### REQUIREMENT:
Only a slice of the listing below is wanted. Retype the lines from the one containing "通过list 结构可以很方便地取到链表的头节点、尾节点以及链表长度。dup 、" through the one containing "Международный женский день.", exactly, both ends included.

### DATA EXCERPTS:
========================
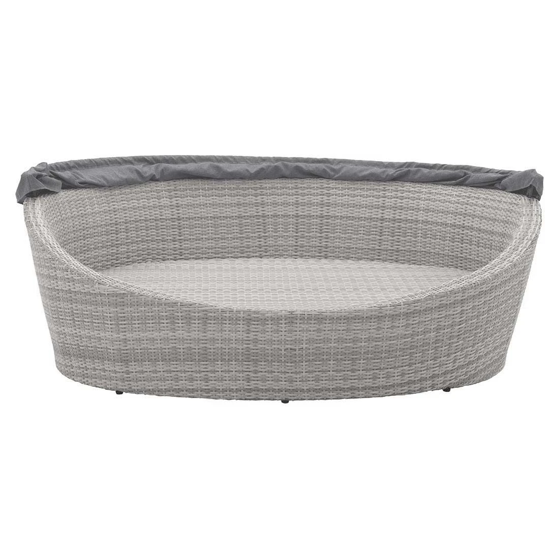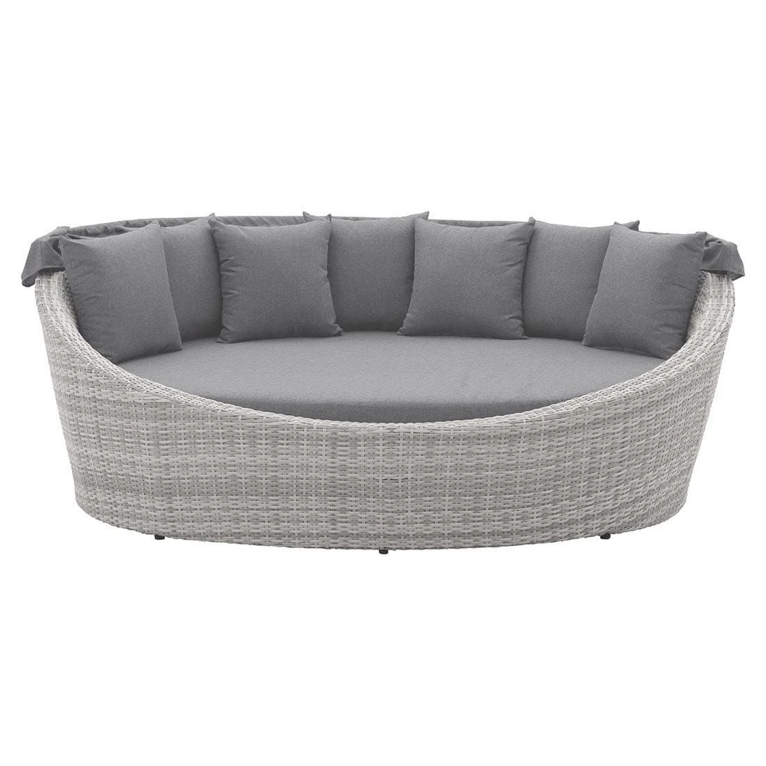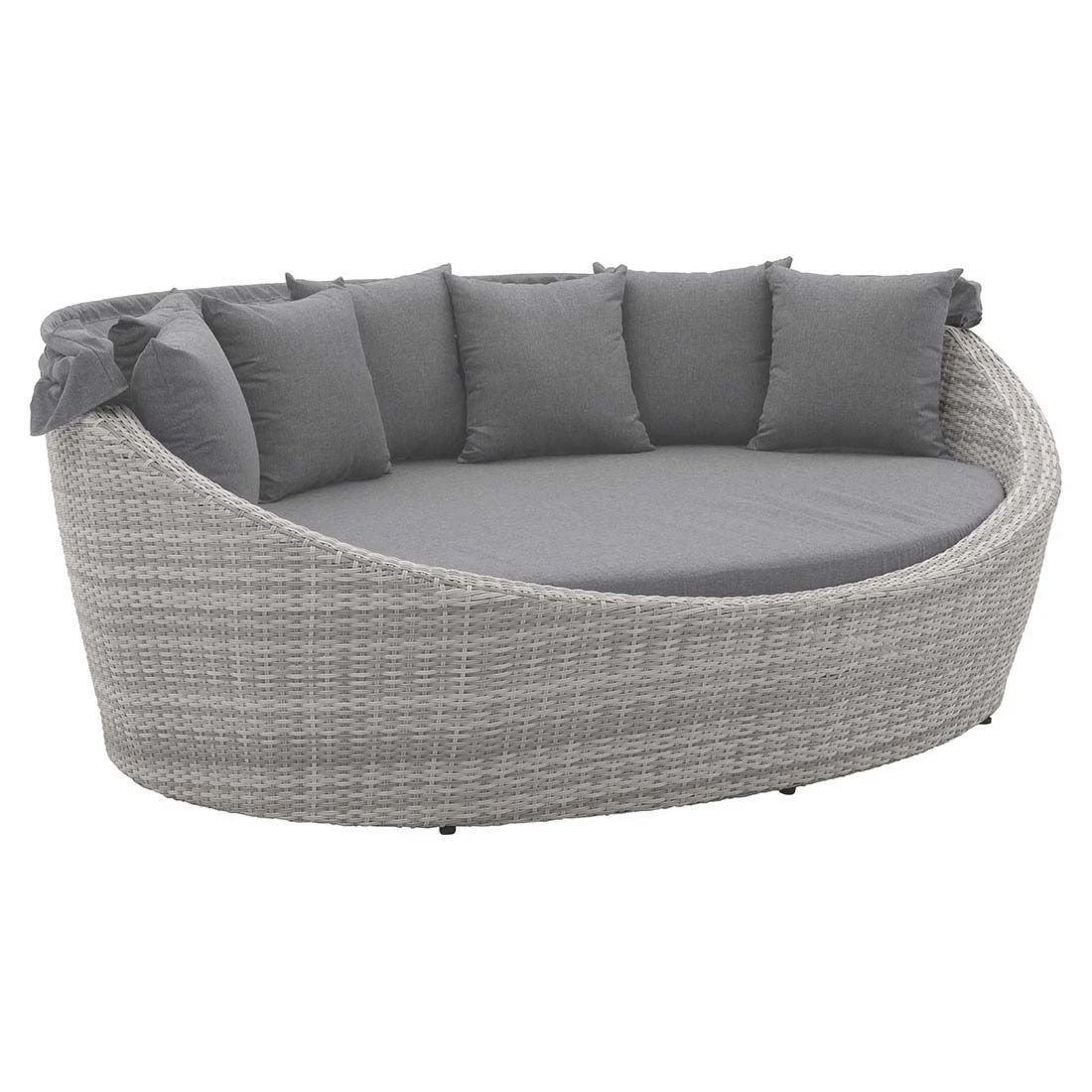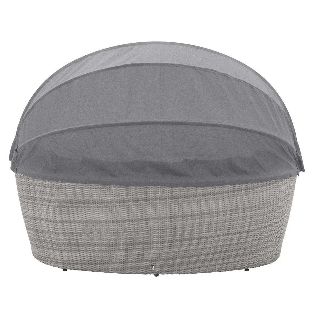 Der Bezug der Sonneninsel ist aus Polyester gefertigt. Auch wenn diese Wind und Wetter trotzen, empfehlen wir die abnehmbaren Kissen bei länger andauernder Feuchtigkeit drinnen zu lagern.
========================
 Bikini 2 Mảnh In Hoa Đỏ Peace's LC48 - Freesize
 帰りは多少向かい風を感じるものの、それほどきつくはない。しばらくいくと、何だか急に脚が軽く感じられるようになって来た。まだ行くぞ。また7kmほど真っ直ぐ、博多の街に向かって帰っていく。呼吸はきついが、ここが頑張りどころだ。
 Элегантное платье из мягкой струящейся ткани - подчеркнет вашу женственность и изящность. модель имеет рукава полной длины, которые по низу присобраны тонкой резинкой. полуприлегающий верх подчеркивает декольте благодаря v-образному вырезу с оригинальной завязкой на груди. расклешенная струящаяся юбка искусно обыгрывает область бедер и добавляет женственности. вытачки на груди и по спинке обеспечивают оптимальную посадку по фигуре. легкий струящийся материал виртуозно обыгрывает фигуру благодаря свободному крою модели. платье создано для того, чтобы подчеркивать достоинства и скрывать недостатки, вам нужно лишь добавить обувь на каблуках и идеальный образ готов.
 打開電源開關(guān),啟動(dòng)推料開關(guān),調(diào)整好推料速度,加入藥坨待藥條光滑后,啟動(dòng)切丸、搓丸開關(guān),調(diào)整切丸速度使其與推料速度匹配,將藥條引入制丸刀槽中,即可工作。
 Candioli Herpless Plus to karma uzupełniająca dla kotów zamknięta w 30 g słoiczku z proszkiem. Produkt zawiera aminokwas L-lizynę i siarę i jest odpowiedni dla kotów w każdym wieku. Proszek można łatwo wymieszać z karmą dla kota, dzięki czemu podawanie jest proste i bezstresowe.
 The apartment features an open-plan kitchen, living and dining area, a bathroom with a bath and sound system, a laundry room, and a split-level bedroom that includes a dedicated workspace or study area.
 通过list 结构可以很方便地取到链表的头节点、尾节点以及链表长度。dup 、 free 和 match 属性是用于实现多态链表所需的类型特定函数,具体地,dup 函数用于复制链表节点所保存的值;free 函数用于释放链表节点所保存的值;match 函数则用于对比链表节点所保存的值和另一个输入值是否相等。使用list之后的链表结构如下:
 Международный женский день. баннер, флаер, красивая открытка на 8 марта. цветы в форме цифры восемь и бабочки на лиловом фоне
========================
### ANSWER TO THIS PROBLEM:
 通过list 结构可以很方便地取到链表的头节点、尾节点以及链表长度。dup 、 free 和 match 属性是用于实现多态链表所需的类型特定函数,具体地,dup 函数用于复制链表节点所保存的值;free 函数用于释放链表节点所保存的值;match 函数则用于对比链表节点所保存的值和另一个输入值是否相等。使用list之后的链表结构如下:
 Международный женский день. баннер, флаер, красивая открытка на 8 марта. цветы в форме цифры восемь и бабочки на лиловом фоне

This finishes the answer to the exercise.